Всё началось просто. Проще некуда. Раздался телефонный звонок, я снял трубку. Голос на том конце провода был тихим, едва слышным. Я долго не мог понять, что этому голосу от меня нужно, но, наконец, разобрал отдельные слова: «Встречай… Поезд… Жду»… Гудки. Я ещё долго стоял с зажатой в руке трубкой, лихорадочно перебирая в уме всех своих знакомых, с кем мог договориться о встрече и не находил ни одной подходящей кандидатуры, но голос просил, а я не из тех, кто отказывает. Голос, между прочим, был женским. По-крайней мере, мне так показалось.
Я поставил кофе, свою любимую пластинку, наскоро привёл себя в порядок и, не забыв про зонт, выполз под нудно моросящий дождь. Я понятия не имел, кто мне звонил, не представлял, как смогу найти человека, не зная ни номера поезда, ни номера вагона, ни даже времени прибытия состава. Я просто шёл. Шёл на вокзал, а в голове крутился тёплый блюз, согревающий не хуже объятий любимой девушки.
Никогда не любил общественный транспорт – предпочитаю ходить пешком. И то сказать – городок у нас маленький, до всего дойти можно. Вот и иду, насвистываю привязавшийся блюзок, накрапывает дождь. По скользкой от дождя дороге ползёт чёрная машинка. Точнее, мне кажется, что она ползёт – на самом деле, летит, летит прямо на меня… Скрыться некуда, инстинктивно поднимаю руки, пытаясь хоть как-то защититься, вижу безвольно упавшее на руль тело и перекошенное лицо пассажирки, она отчаянно пытается вывернуть руль…
И здесь я просыпаюсь. Забыл представиться. Андрей Перингов. Можно просто Андрей. Занимаюсь абсолютным безделием, которое гордо именую творческим процессом и иногда – поисками вдохновения. Телефон мне пришлось вырубить – сроки сдачи романа истекают неумолимо, а у меня как был чистый лист, так и остался. Мой литературный агент постоянно названивает мне и капает на мозги. Не забыть сегодня выбросить мобильник. Что за дурацкие сны? Нет бы, приснилось что-нибудь способное помочь мне не потерять работу… Первая глава, например. Мне ведь совсем немного надо: лёгкий толчок, строчка, чья-то спешно обронённая фраза, образ – всё, что угодно! Нет – тишина. И какая-то девушка, настойчиво требующая её встретить. Может, об этом и написать? А что? Прекрасная история. Слегка заезженная, ну и чёрт с ней! Начинать-то с чего-нибудь надо! Хватит отлынивать, Андрюха! Садись за компьютер, пиши…

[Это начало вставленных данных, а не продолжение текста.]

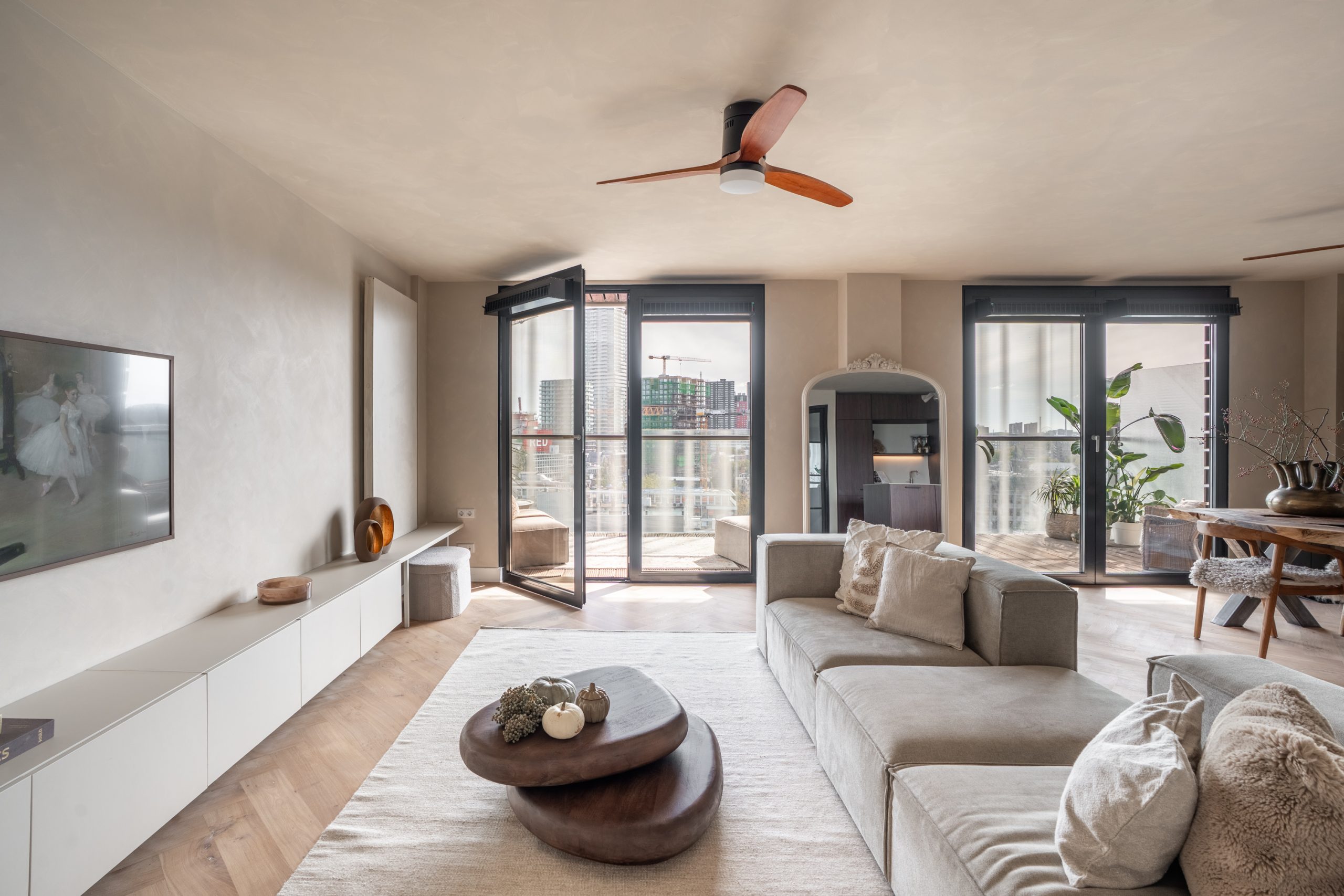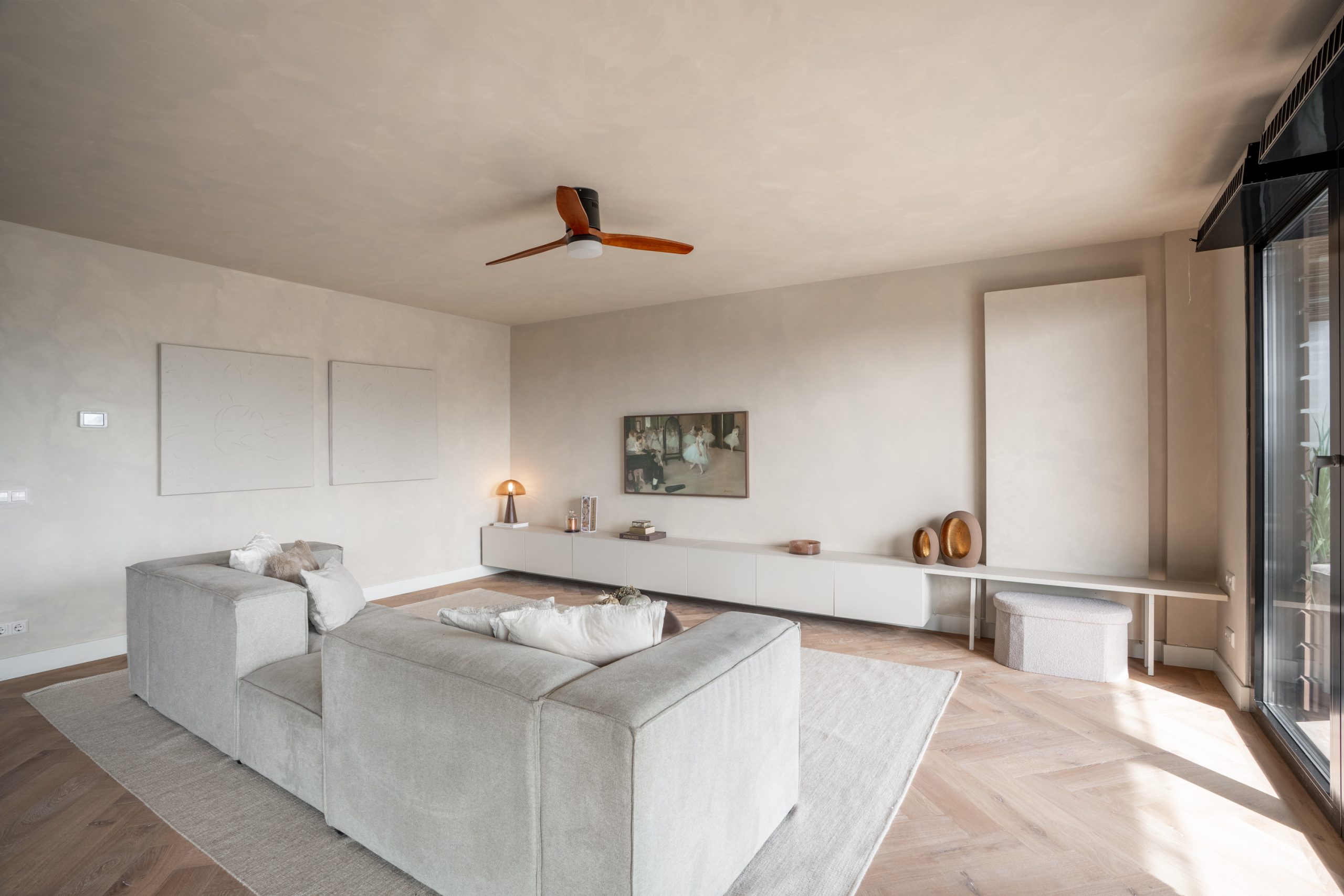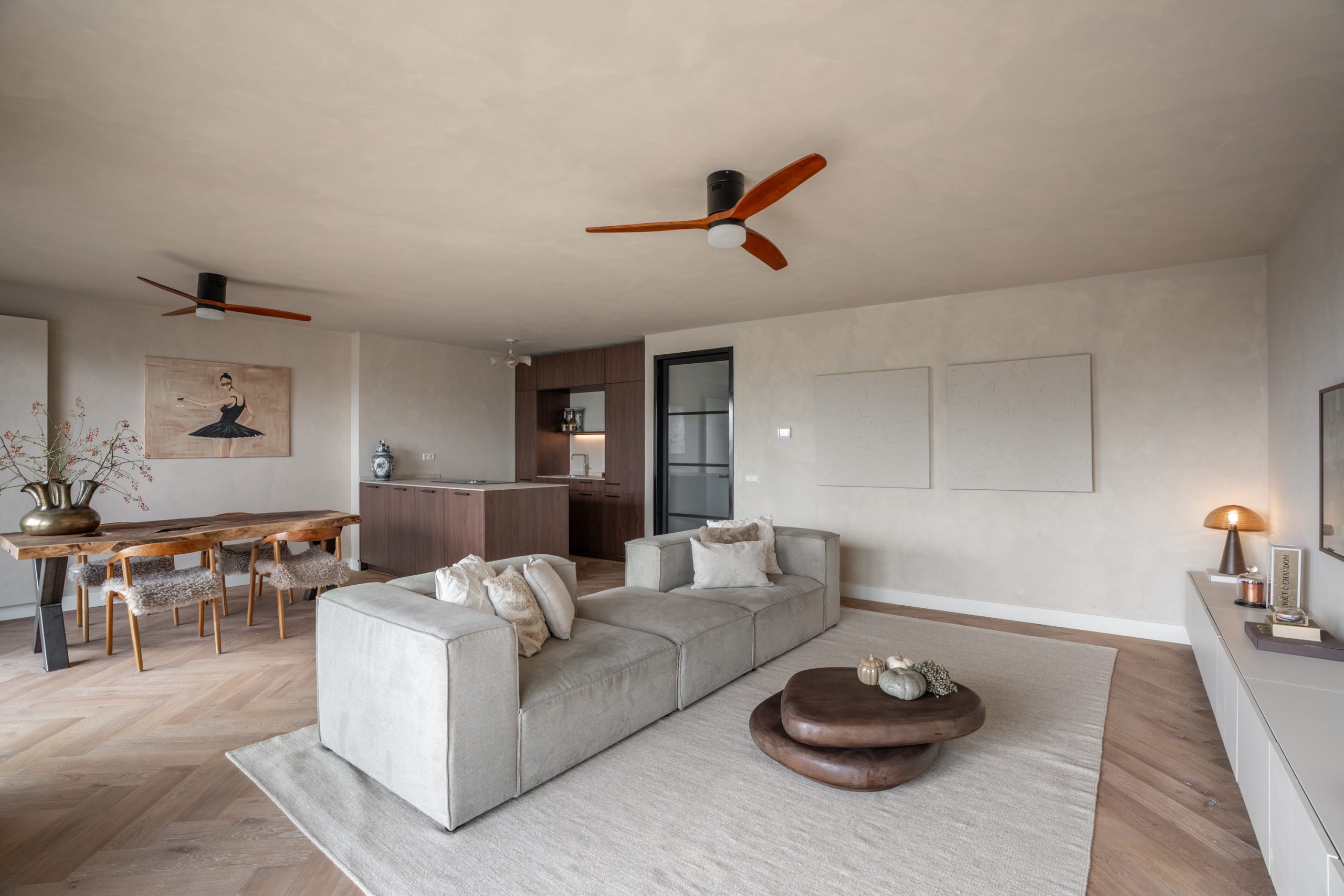 De living is royaal opgezet, waardoor er volop ruimte is voor een comfortabele zithoek én een lange eettafel waar je met vrienden en familie uitgebreid kunt tafelen. Via de openslaande deuren stap je het brede balkon op, dat zich uitstrekt over de volledige breedte van het appartement. Dankzij de royale afmetingen biedt dit balkon alle mogelijkheden voor een sfeervolle loungehoek – de ideale plek om op grote hoogte te ontspannen en te genieten van het uitzicht.

Так прошло несколько часов. Курсор мигал на первой строчке пустого листа. Я закрыл глаза, представил картину: человек идёт под дождём, хищный блеск фар приближающейся машины, скрип тормозов, глухой удар, гаснущий в ночном небе крик… Не помогло. Слова, как будто спрятались от меня, обидевшись, решив наказать, образы отказывались оформляться в связный текст, я не мог выдавить из себя ни строчки. И это повергало меня в отчаянный ужас, ибо аванс издательства уже был пропит и съеден, я оставался практически на мели. Руками обхватив голову, я издал полустон-полурык, исполненный бездонной тоски, вырубил комп, набросил свою видавшую виды «косуху» и бросился прочь из дома.
Ночные улицы всегда вдохновляли меня. Я вообще люблю ночь. В это время суток в человеке пробуждаются некие первобытные инстинкты, открывается новая сущность, снимаются надоевшие за день маски, ночью сам воздух наполнен магией, тяжёлой, словно кровь, и столь же сладкой. Я жадно глотал холодный ноябрьский воздух и шёл. Куда? Неважно. Я чувствовал, что мне нужно идти. Моё внимание привлёк мелькнувший в свете фонарей силуэт. Почему-то я решил, что он приглашает меня следовать за ним. Я прибавил шаг. Идти за силуэтом было легко — его белоснежное одеяние слишком сильно контрастировало с окружающей тьмой. Что-то внутри меня говорило: «Остановись! Не стоит этого делать!», но присущее любому писателю любопытство гнало вперёд, кулаком ветра яростно подталкивая в спину.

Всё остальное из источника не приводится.